Mar 11, 2022

The Phone Booth at the Edge of the World by Laura Imai Messina: Book Beginning

 

The phone booth at the edge of the world by Laura Imai Messina
Published March 9, 2021, Harry N. Abrams

Book description: "grief, mourning, and the joy of survival, inspired by a real phone booth in Japan with its disconnected “wind” phone, a place of pilgrimage and solace since the 2011 tsunami."

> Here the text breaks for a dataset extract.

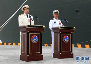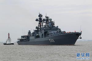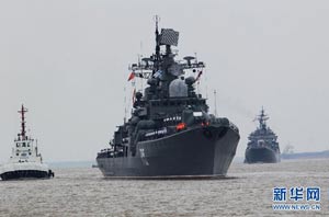 當(dāng)日,參加中俄“海上聯(lián)合—2014”軍事演習(xí)的俄方艦艇陸續(xù)駛抵上海某軍港。中俄兩國海軍互鳴禮炮,中方為來訪的俄艦舉行隆重歡迎儀式。俄羅斯太平洋艦隊旗艦“瓦良格”號導(dǎo)彈巡洋艦駛?cè)胲姼蹠r,參加歡迎儀式的軍樂隊奏響歡迎曲。隨后,“快速”號驅(qū)逐艦、“潘捷列耶夫海軍上將”號大型反潛艦、“伊利姆”號中型海洋油船、“涅維爾斯科伊海軍上將”號大型登陸艦,“卡拉爾”號海洋拖船陸續(xù)駛?cè)敫劭凇_@次聯(lián)合軍事演習(xí),中俄海軍都派出了主戰(zhàn)艦艇參加。中方參演兵力包括導(dǎo)彈驅(qū)逐艦、導(dǎo)彈護衛(wèi)艦、綜合補給艦以及導(dǎo)彈艇等水面艦艇8艘、潛艇2艘、固定翼飛機9架。俄方參演兵力包括巡洋艦、反潛艦、驅(qū)逐艦、登陸艦、油船和海洋拖船等水面艦艇6艘。此外,為執(zhí)行海上聯(lián)合解救被劫持船只、護航等特殊任務(wù),雙方還派出艦載直升機、特戰(zhàn)分隊等兵力參加此次演習(xí)。新華社記者 查春明攝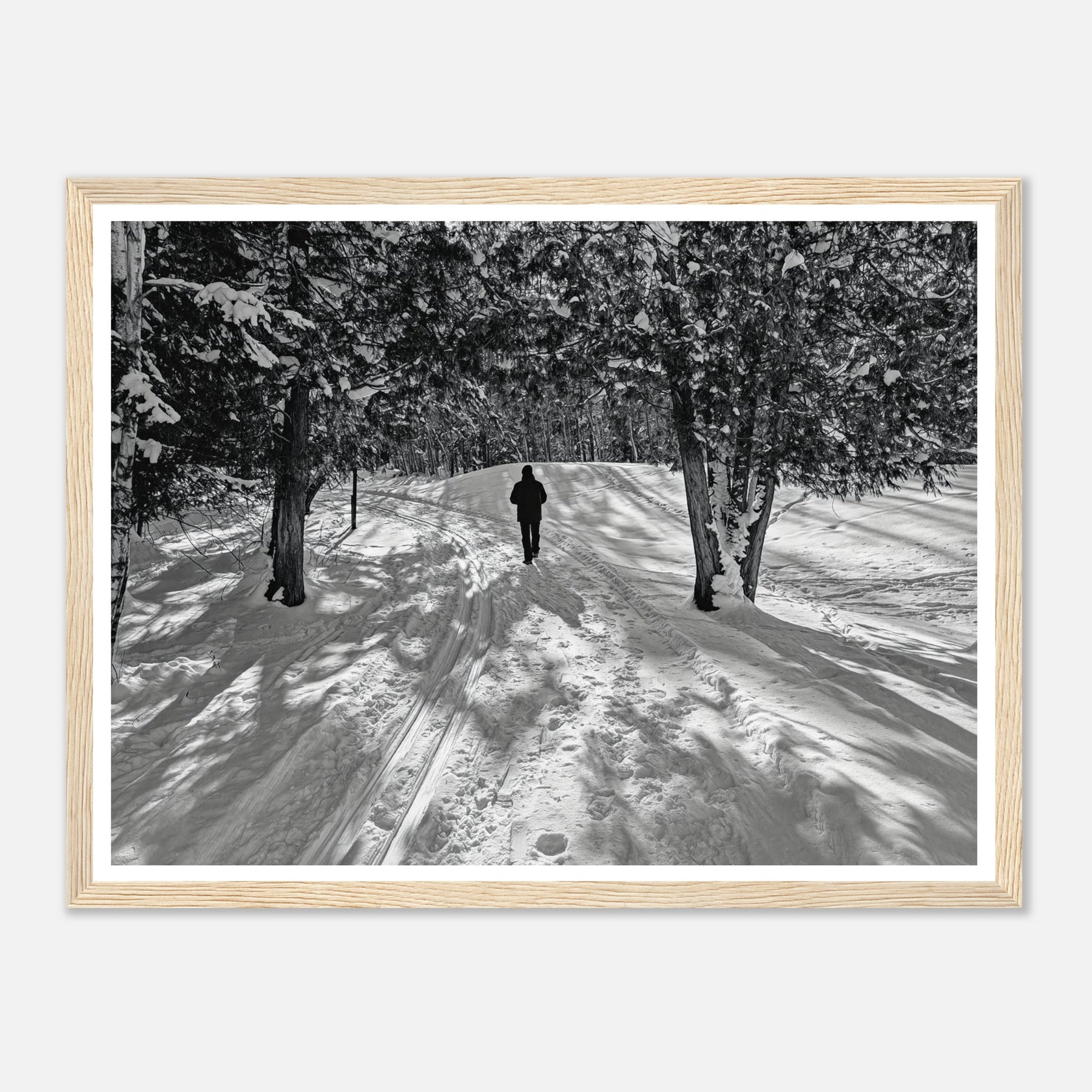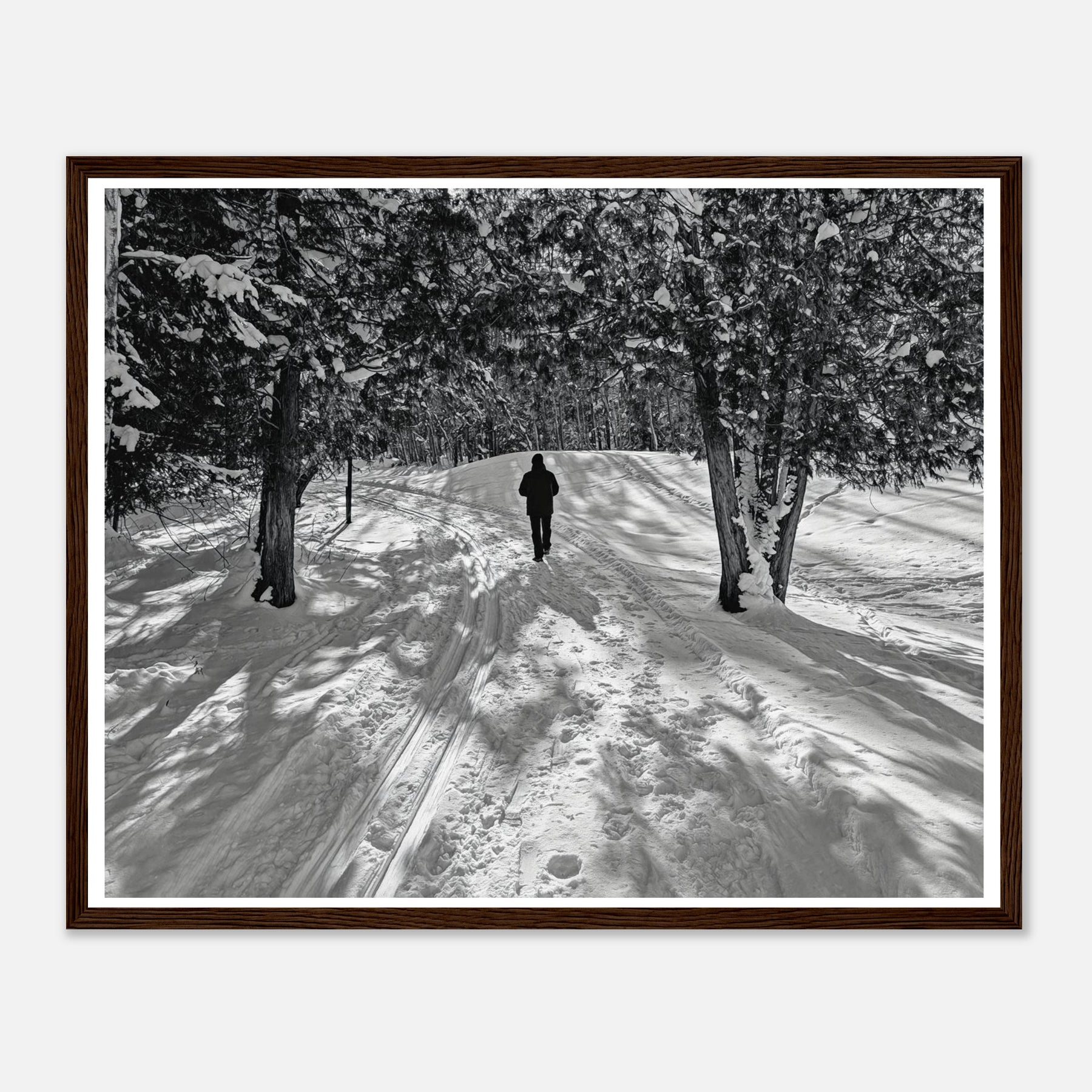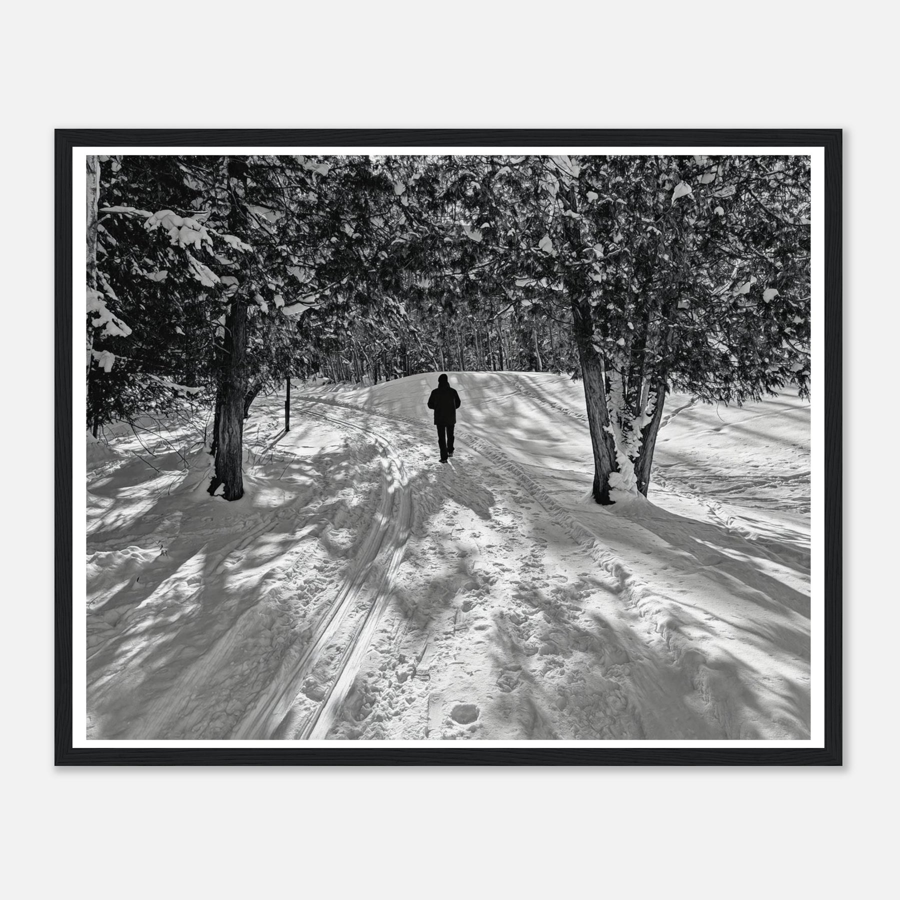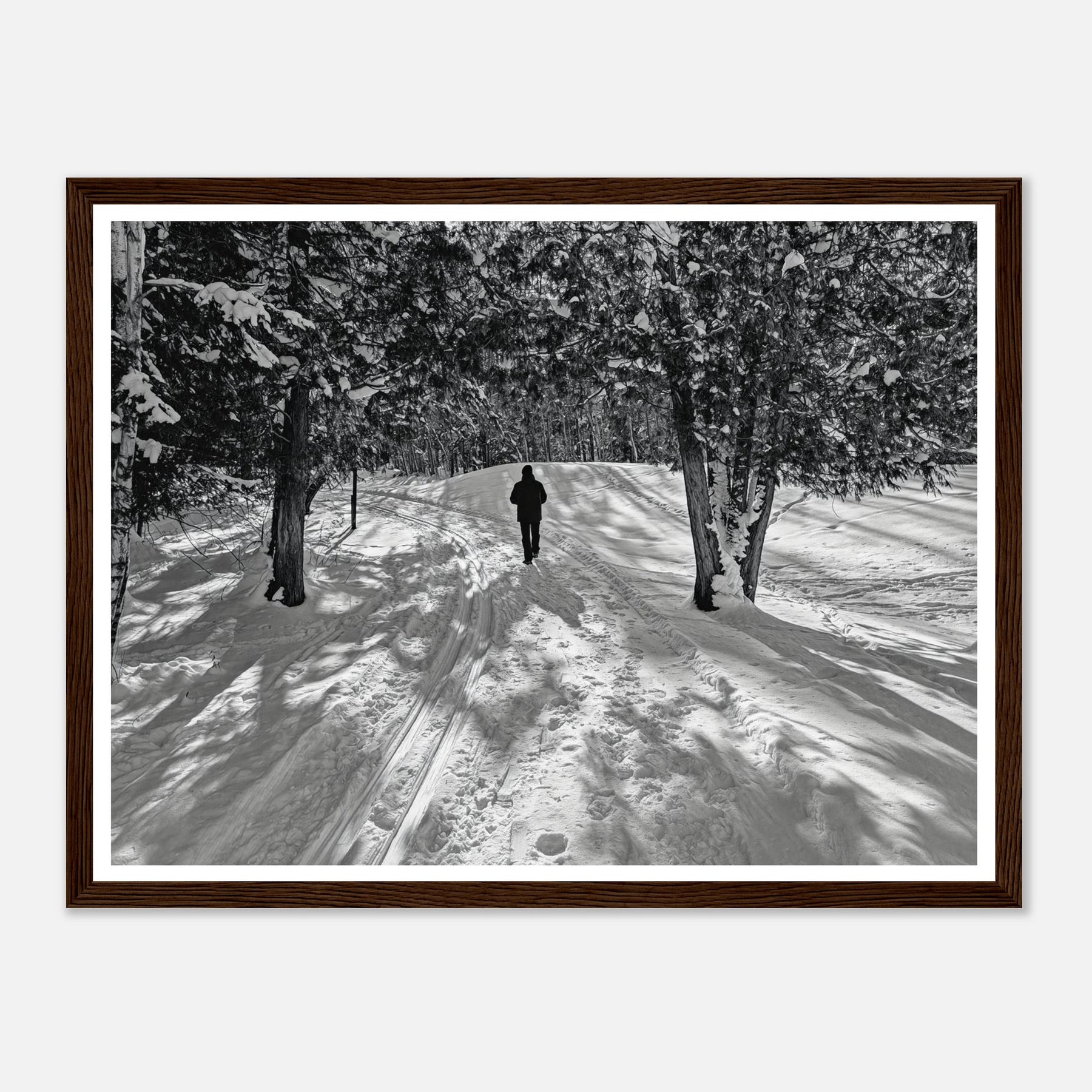 Immerse yourself in the serene beauty of winter with this black and white photograph of a snow-covered pathway in Bromont, Quebec. The image showcases a lone figure walking through a snowy landscape, framed by trees draped in fresh snowfall. This artwork evokes feelings of calmness and solitude, making it perfect for living rooms, bedrooms, or offices. Whether you're a nature lover or simply seeking a peaceful addition to your home decor, this piece is a timeless choice that will enhance your space.

Yui makes a pilgrimage to the phone booth in the garden of Bel Gardia, at the foot of the Mountain of the Whale. Here people find solace in talking on the disconnected phone to the ones they lost in the tsunami of March 11, 2011, their voices carried away by the wind. 

Book beginning:

Prologue

In the vast, steep garden of Bel Gardia, great gusts of wind lashed the plants.

The woman instinctively raised an elbow to her face, rounding her back. Then, almost immediately, she straightened up again. 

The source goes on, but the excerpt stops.